I have some strange issue with scheduler after upgrade to 1.10.3 from 1.10.2. DAG tasks runs only once. After that scheduler logs looks like this:
{noformat}
Apr 11 09:21:33 airflow.infra airflow[32739]: [2019-04-11 09:21:33,094] {{sqlalchemy.py:81}} WARNING - DB connection invalidated. Reconnecting...
Apr 11 09:21:44 airflow.infra airflow[32739]: [2019-04-11 09:21:44,105] {{sqlalchemy.py:81}} WARNING - DB connection invalidated. Reconnecting...
Apr 11 09:21:55 airflow.infra airflow[32739]: [2019-04-11 09:21:55,114] {{sqlalchemy.py:81}} WARNING - DB connection invalidated. Reconnecting...
Apr 11 09:22:06 airflow.infra airflow[32739]: [2019-04-11 09:22:06,123] {{sqlalchemy.py:81}} WARNING - DB connection invalidated. Reconnecting...
Apr 11 09:22:17 airflow.infra airflow[32739]: [2019-04-11 09:22:17,131] {{sqlalchemy.py:81}} WARNING - DB connection invalidated. Reconnecting...
Apr 11 09:22:28 airflow.infra airflow[32739]: [2019-04-11 09:22:28,143] {{sqlalchemy.py:81}} WARNING - DB connection invalidated. Reconnecting...
{noformat}
Logs from Scheduler with *DEBUG* level:
{noformat}
Apr 11 09:00:47 airflow.infra airflow[17403]: [2019-04-11 09:00:47,720] {{settings.py:154}} DEBUG - Setting up DB connection pool (PID 17447)

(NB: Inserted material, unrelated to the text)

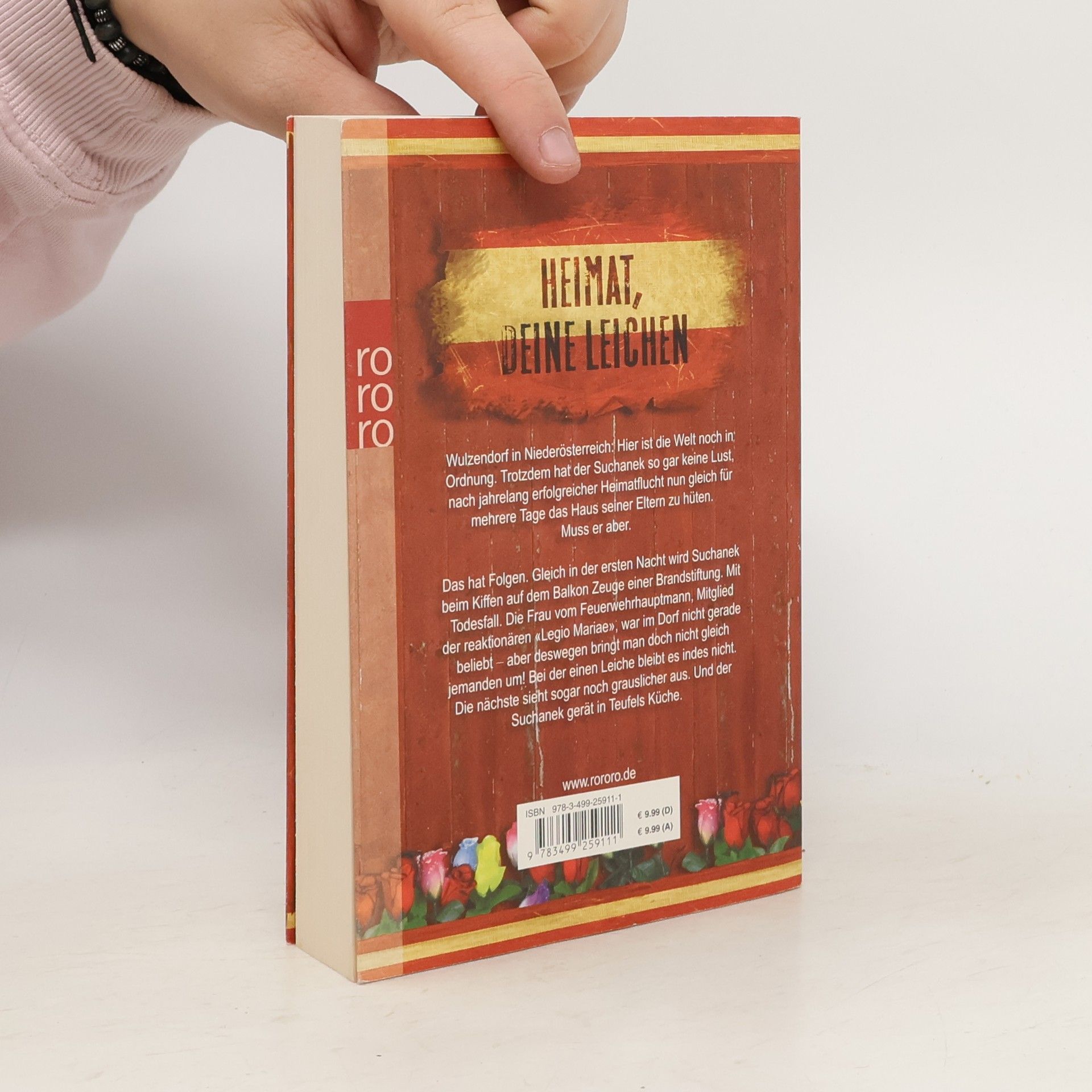 Heimat, deine Leichen.Wulzendorf in Niederösterreich: Hier ist die Welt noch in Ordnung. Trotzdem hat der Suchanek so gar keine Lust, nach jahrelang erfolgreicher Heimatflucht nun gleich für mehrere Tage das Haus seiner Eltern zu hüten. Muss er aber.Das hat Folgen. Gleich in der ersten Nacht wird Suchanek beim Kiffen auf dem Balkon Zeuge einer Brandstiftung. Mit Todesfall. Die Frau vom Feuerwehrhauptmann, Mitglied der reaktionären «Legio Mariae», war im Dorf nicht gerade beliebt – aber deswegen bringt man doch nicht gleich jemanden um! Bei der einen Leiche bleibt es indes nicht. Die nächste sieht sogar noch grauslicher aus. Und der Suchanek gerät in Teufels Küche.

Apr 11 09:00:47 airflow.infra airflow[17403]: [2019-04-11 09:00:47,720] {{settings.py:182}} INFO - settings.configure_orm(): Using pool settings. pool_size=100, pool_recycle=3600, pid=17447
Apr 11 09:00:48 airflow.infra airflow[17403]: [2019-04-11 09:00:48,450] {{settings.py:206}} DEBUG - Disposing DB connection pool (PID 17449)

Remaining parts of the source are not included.